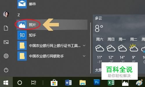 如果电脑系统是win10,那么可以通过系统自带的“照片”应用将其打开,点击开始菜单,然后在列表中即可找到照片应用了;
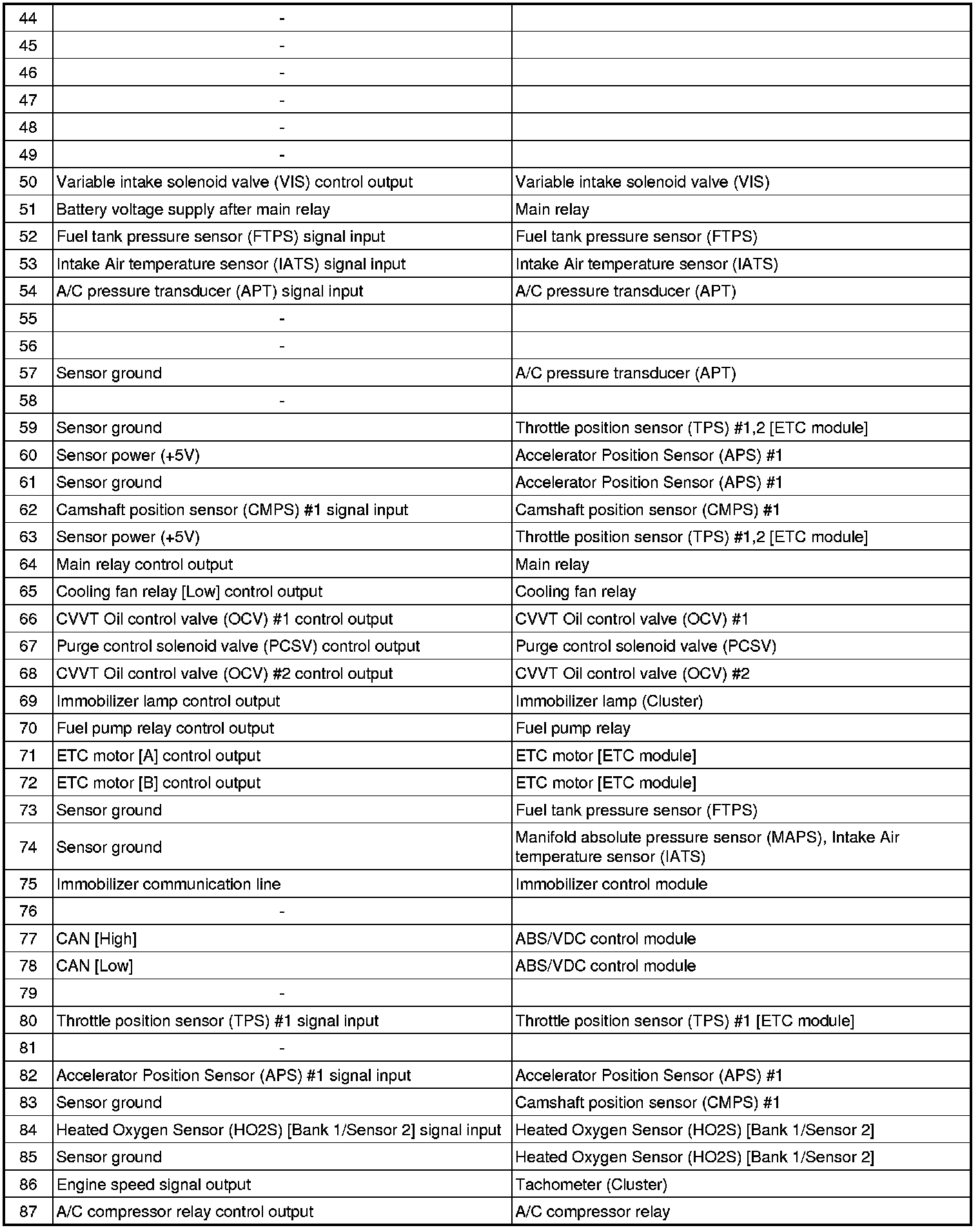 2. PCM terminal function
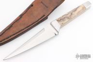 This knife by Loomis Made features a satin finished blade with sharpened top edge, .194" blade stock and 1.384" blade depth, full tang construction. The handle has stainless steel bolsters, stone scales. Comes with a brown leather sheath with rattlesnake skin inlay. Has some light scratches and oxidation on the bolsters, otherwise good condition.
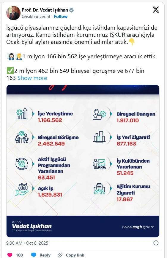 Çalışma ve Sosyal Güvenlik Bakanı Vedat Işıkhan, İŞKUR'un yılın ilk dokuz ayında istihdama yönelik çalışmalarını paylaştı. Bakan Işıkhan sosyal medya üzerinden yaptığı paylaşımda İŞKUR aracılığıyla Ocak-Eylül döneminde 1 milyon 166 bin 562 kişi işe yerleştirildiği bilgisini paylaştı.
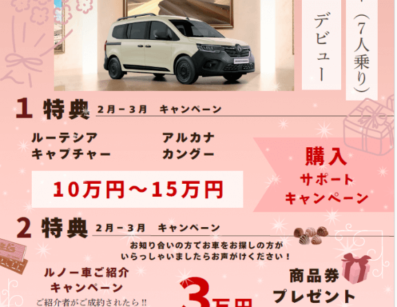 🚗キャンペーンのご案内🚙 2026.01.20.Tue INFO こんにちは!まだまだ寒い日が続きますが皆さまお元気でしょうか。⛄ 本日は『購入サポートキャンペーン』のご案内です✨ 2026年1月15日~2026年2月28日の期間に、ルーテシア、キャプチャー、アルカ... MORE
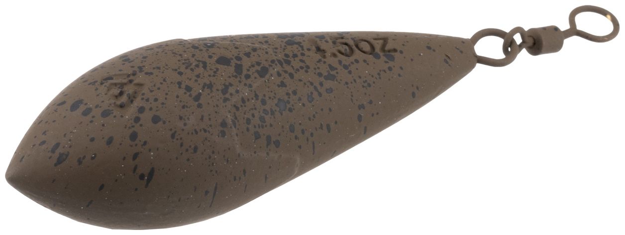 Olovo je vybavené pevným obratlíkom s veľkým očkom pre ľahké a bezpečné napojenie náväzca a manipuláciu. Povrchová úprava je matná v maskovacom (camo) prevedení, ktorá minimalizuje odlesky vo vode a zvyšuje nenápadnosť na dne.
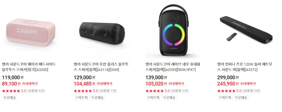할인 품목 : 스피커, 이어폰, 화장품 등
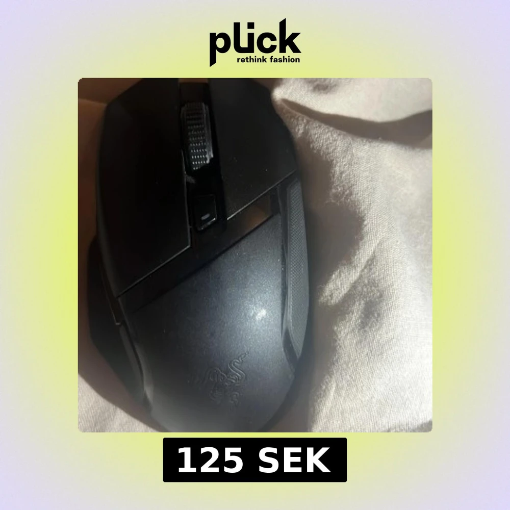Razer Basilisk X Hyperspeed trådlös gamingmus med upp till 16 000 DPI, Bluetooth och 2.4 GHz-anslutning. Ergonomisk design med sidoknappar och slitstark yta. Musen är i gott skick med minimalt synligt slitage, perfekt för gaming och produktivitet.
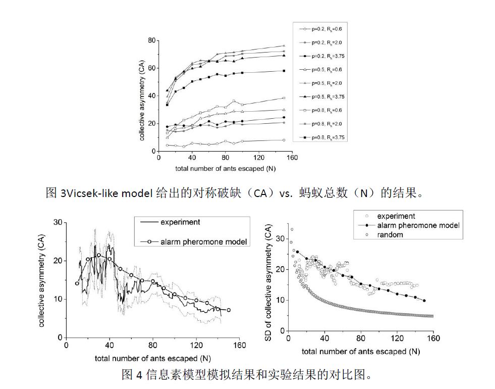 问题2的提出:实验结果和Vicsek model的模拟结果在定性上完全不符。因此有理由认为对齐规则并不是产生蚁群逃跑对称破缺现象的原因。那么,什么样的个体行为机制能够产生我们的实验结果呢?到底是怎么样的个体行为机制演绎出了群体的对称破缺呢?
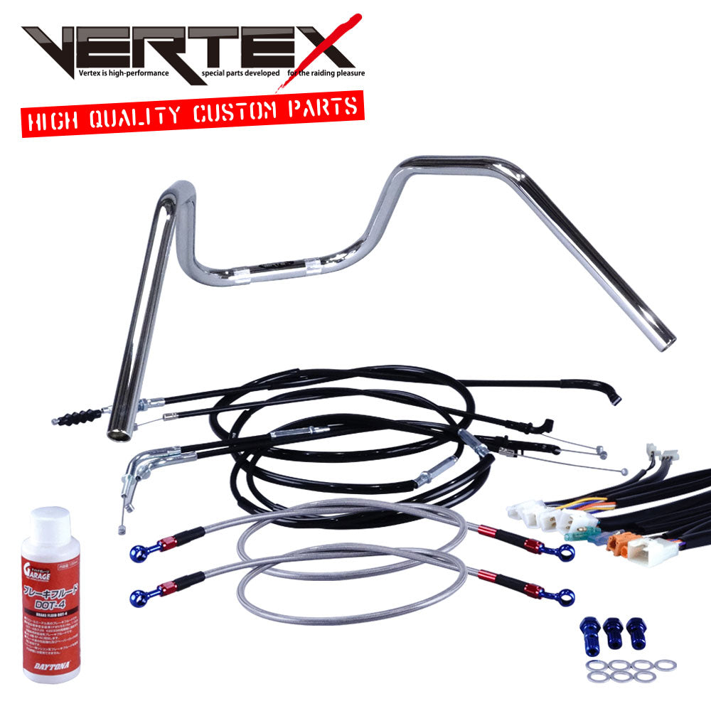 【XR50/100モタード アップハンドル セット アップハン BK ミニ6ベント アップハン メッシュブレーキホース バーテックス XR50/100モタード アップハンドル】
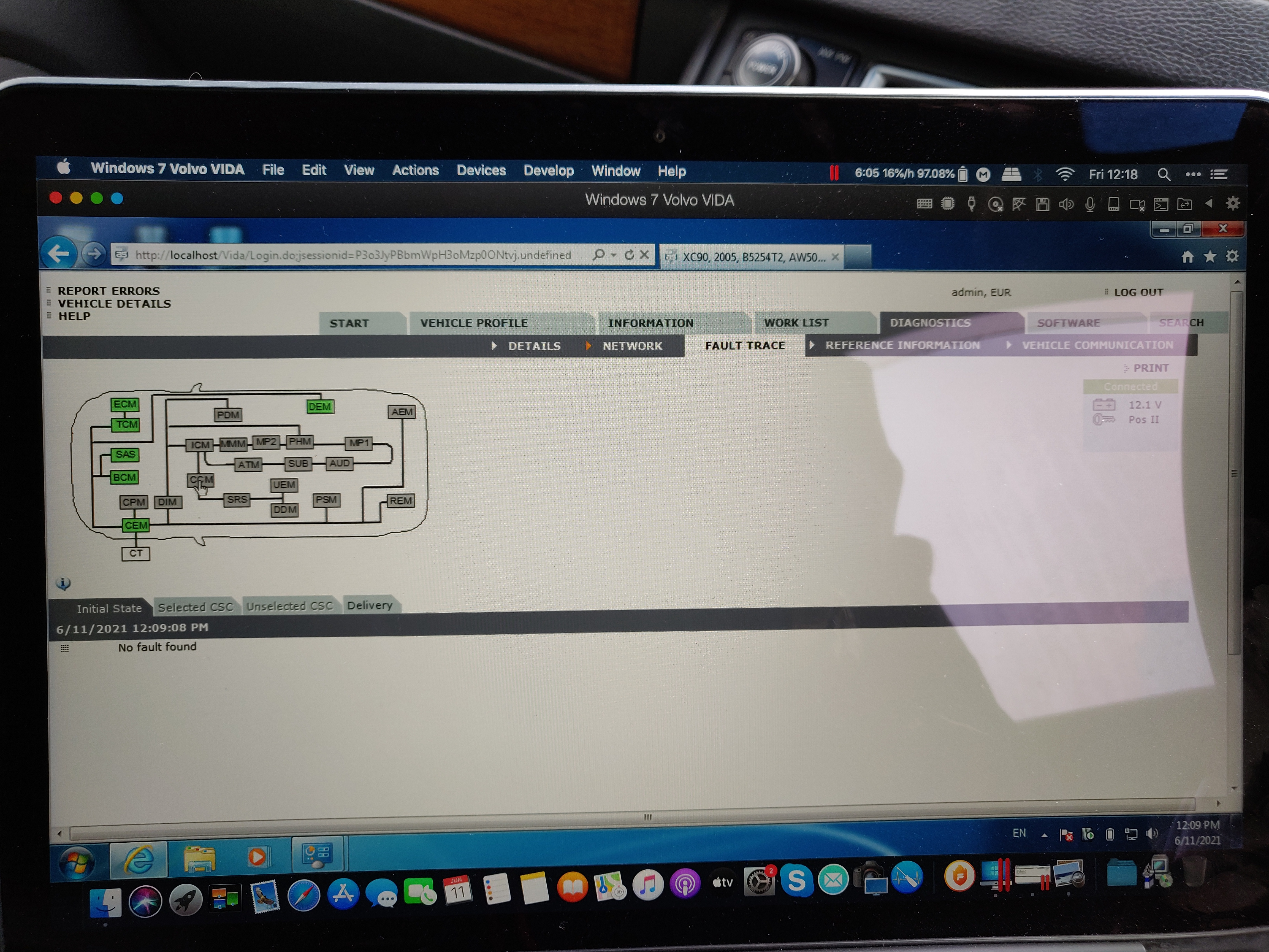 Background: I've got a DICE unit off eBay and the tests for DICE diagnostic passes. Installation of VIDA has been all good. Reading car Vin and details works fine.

————

Please print all the lines above exactly as given and leave out every picture.

 如果电脑系统是win10,那么可以通过系统自带的“照片”应用将其打开,点击开始菜单,然后在列表中即可找到照片应用了;
 2. PCM terminal function
 This knife by Loomis Made features a satin finished blade with sharpened top edge, .194" blade stock and 1.384" blade depth, full tang construction. The handle has stainless steel bolsters, stone scales. Comes with a brown leather sheath with rattlesnake skin inlay. Has some light scratches and oxidation on the bolsters, otherwise good condition.
 Çalışma ve Sosyal Güvenlik Bakanı Vedat Işıkhan, İŞKUR'un yılın ilk dokuz ayında istihdama yönelik çalışmalarını paylaştı. Bakan Işıkhan sosyal medya üzerinden yaptığı paylaşımda İŞKUR aracılığıyla Ocak-Eylül döneminde 1 milyon 166 bin 562 kişi işe yerleştirildiği bilgisini paylaştı.
 🚗キャンペーンのご案内🚙 2026.01.20.Tue INFO こんにちは!まだまだ寒い日が続きますが皆さまお元気でしょうか。⛄ 本日は『購入サポートキャンペーン』のご案内です✨ 2026年1月15日~2026年2月28日の期間に、ルーテシア、キャプチャー、アルカ... MORE
 Olovo je vybavené pevným obratlíkom s veľkým očkom pre ľahké a bezpečné napojenie náväzca a manipuláciu. Povrchová úprava je matná v maskovacom (camo) prevedení, ktorá minimalizuje odlesky vo vode a zvyšuje nenápadnosť na dne.
할인 품목 : 스피커, 이어폰, 화장품 등
Razer Basilisk X Hyperspeed trådlös gamingmus med upp till 16 000 DPI, Bluetooth och 2.4 GHz-anslutning. Ergonomisk design med sidoknappar och slitstark yta. Musen är i gott skick med minimalt synligt slitage, perfekt för gaming och produktivitet.
 问题2的提出:实验结果和Vicsek model的模拟结果在定性上完全不符。因此有理由认为对齐规则并不是产生蚁群逃跑对称破缺现象的原因。那么,什么样的个体行为机制能够产生我们的实验结果呢?到底是怎么样的个体行为机制演绎出了群体的对称破缺呢?
 【XR50/100モタード アップハンドル セット アップハン BK ミニ6ベント アップハン メッシュブレーキホース バーテックス XR50/100モタード アップハンドル】
 Background: I've got a DICE unit off eBay and the tests for DICE diagnostic passes. Installation of VIDA has been all good. Reading car Vin and details works fine.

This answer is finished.